Fernando Fernandes não desiste e,
com o apoio de Jaime Castelo Branco (que se torna seu sócio) reabre a livraria
[recuperando-a da tutela da Bertrand], agora com o nome de “Livraria Leitura”.
De novo impera o mesmo espírito de amor aos livros e tributo aos seus ledores,
a mesma “referência da elite intelectual do Porto”, pelo que floresce e alarga-se
a outras zonas e regiões (caso de Aveiro). Até ao 25 de Abril de 1974, foi objeto contínuo
de vigilância da PIDE, mas mesmo assim lá se encontravam os inúmeros opúsculos,
textos e livros proibidos de circular pela censura, continuando a ser um local
de paragem obrigatória ao cidadão democrata e livre, uma espaço de tertúlia
cultural e de fraternidade. Em 1998 Fernando Fernandes reforma-se, “descontente
com o rumo que estava a ser seguido pelo mercado livreiro, com a emergência de
novos espaços comerciais, onde nem sempre o livro é tratado com a devida deferência”.

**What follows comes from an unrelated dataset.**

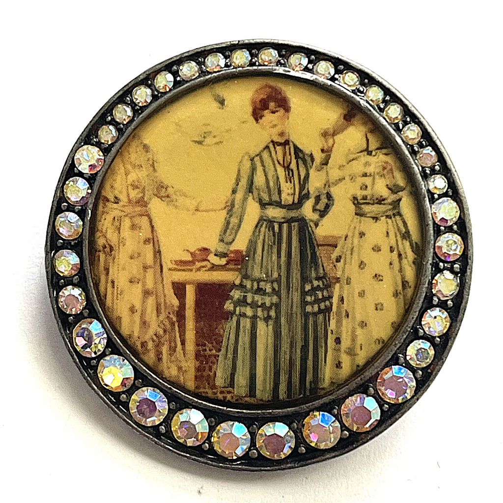 A recent arrival from an estate sale UK, possible 1960's - could be later. In very good condition with an Edwardian dressed lady in her dressing room. The picture is encircled with rhinestones with aurora borealis finish to catch the light. Size across is 4cms. Gift boxed by Vintageonline.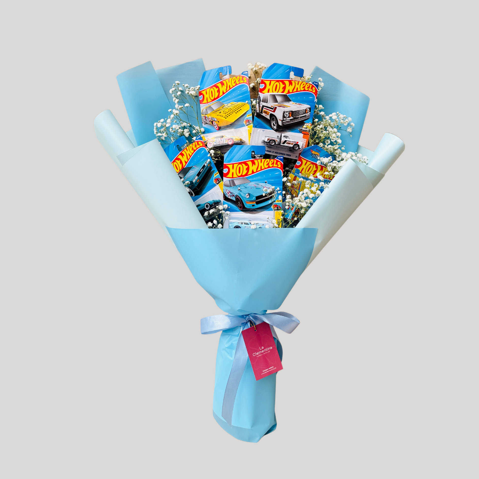Un regalo original para ellos. Nuestro ramo de carritos Hot Wheels sorprende y alegra, porque ellos también merecen ser engreídos. Contiene 5 carritos en modelos variados (no se puede elegir modelo, es surtido), envueltos en papeles decorativos modernos que convierten este detalle en algo inolvidable.

Em 2017, Fernando Fernandes leiloa a sua estimada biblioteca (o Catálogo com a colaboração
de Armando Alves e Albano Martins) e sua colecção de Arte.
Morre a 30 de Setembro de 2018.
[NOTA: agradecimento especial a Pedro Baptista]
J.M.M.
1 comentário:
De toda essa história, faltou dizer que a Livraria Leitura talvez se tivesse salvado, ou pelo menos tido prolongada a existência, se, no início dos anos 90, Fernandes & Branco, Lda. tivesse dado sociedade a um dos seus mais empenhados e competentes colaboradores, Ribeiro de seu nome, o principal vendedor que estava à frente da loja da rua de Ceuta. Se foram os dois sócios, ou um só deles, quem lhe negou esse merecido reconhecimento, não se sabe. Sabe-se que esse valioso capital humano (que a esquerda tanto apregoa, mas que na prática desconhece) se mudou para uma editora onde, supostamente, lhe teriam oferecido melhores condições. Um fim inglório para uma livraria que talvez se tenha expandido demasiado, aliada à reforma antecipada (aos 63 anos!...) do principal gerente, sem a garantia de continuadores capazes e interessados. O outro gerente não concordou com a venda das quotas do sócio à Assírio & Alvim, e inopinadamente exerceu o direito de preferência, vendendo-as mais tarde ao problemático e deficitário grupo Civilização, que como seria de esperar, deu com os burros na água (da casa-mãe e das que foi comprando)… De livraria aprazível onde todos cabiam, clientes e livros incluídos, a última Leitura era uma triste loja às moscas, onde o cliente era afugentado por empregados ariscos e desconfiados.